Americans think there will always be a new antibiotic to treat new infections whenever they need it, but that is no longer the case.

“We can’t rely on that to bail us out,” he said. Washing hands and using antibiotics responsibly is a must to prevent the spread of superbugs. A superbug has to be transmitted into the body in order for people to be infected.

Undoubtedly and unfortunately, the number of people who will contract and die from superbug infections will continue to grow over the next 30 years, Malepati said.

“Leaders are not talking about it, but the reality is that poor national and global antibiotic conservation and stewardship policy and aggressive direct-to-consumer marketing of antibiotics have fueled what is now becoming a developing global crisis,” he added.

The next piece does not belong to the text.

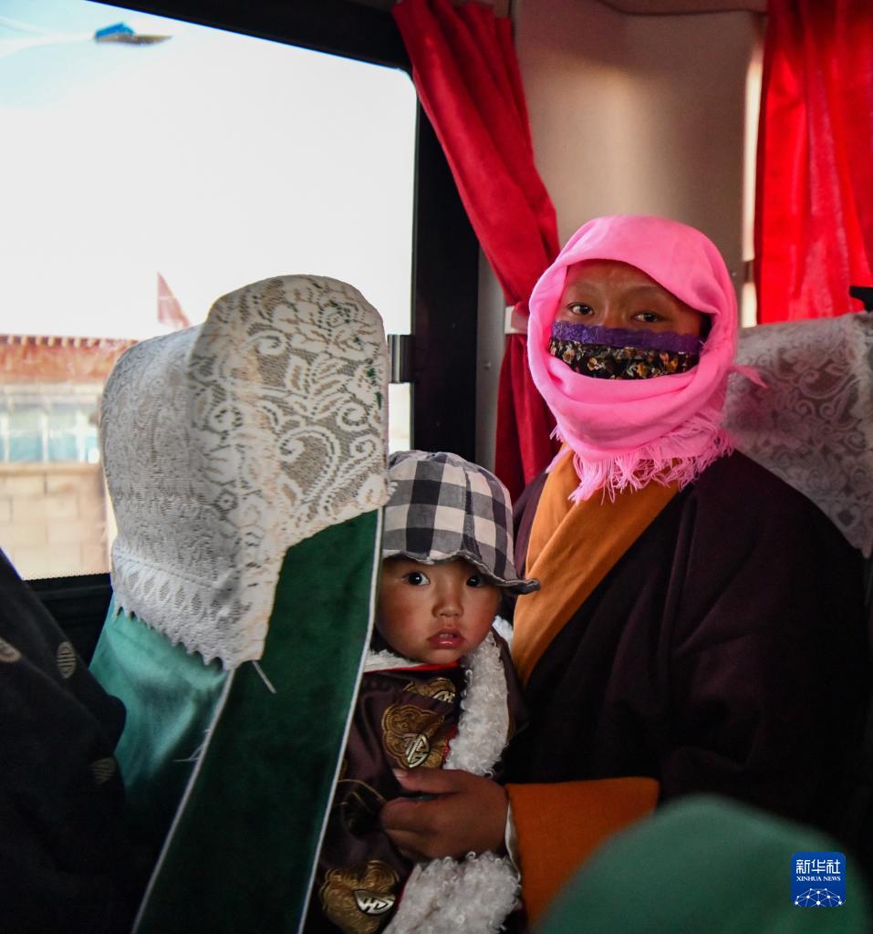 雙湖縣多瑪鄉(xiang) 果根擦曲村牧民次仁央金(右)乘坐大巴,準備前往森布日安置點(7月19日攝)。新華社記者 晉美多吉 攝

In acute care hospitals, 1 in 7 catheter- and surgery-related health care-associated infections can be caused by six antibiotic-resistant bacteria, including:

1.) Carbapenem-resistant Enterobacteriaceae (CRE)
2.) Methicillin-resistant Staphylococcus aureus (MRSA)
3.) ESBL-producing Enterobacteriaceae (extended-spectrum β-lactamases)
4.) Vancomycin-resistant Enterococcus (VRE)
5.) Multidrug-resistant Pseudomonas aeruginosa
6.) Multidrug-resistant Acinetobacter

That number increases to 1 in 4 infections in long-term acute care hospitals, which treat patients who are generally very sick and stay, on average, more than 25 days.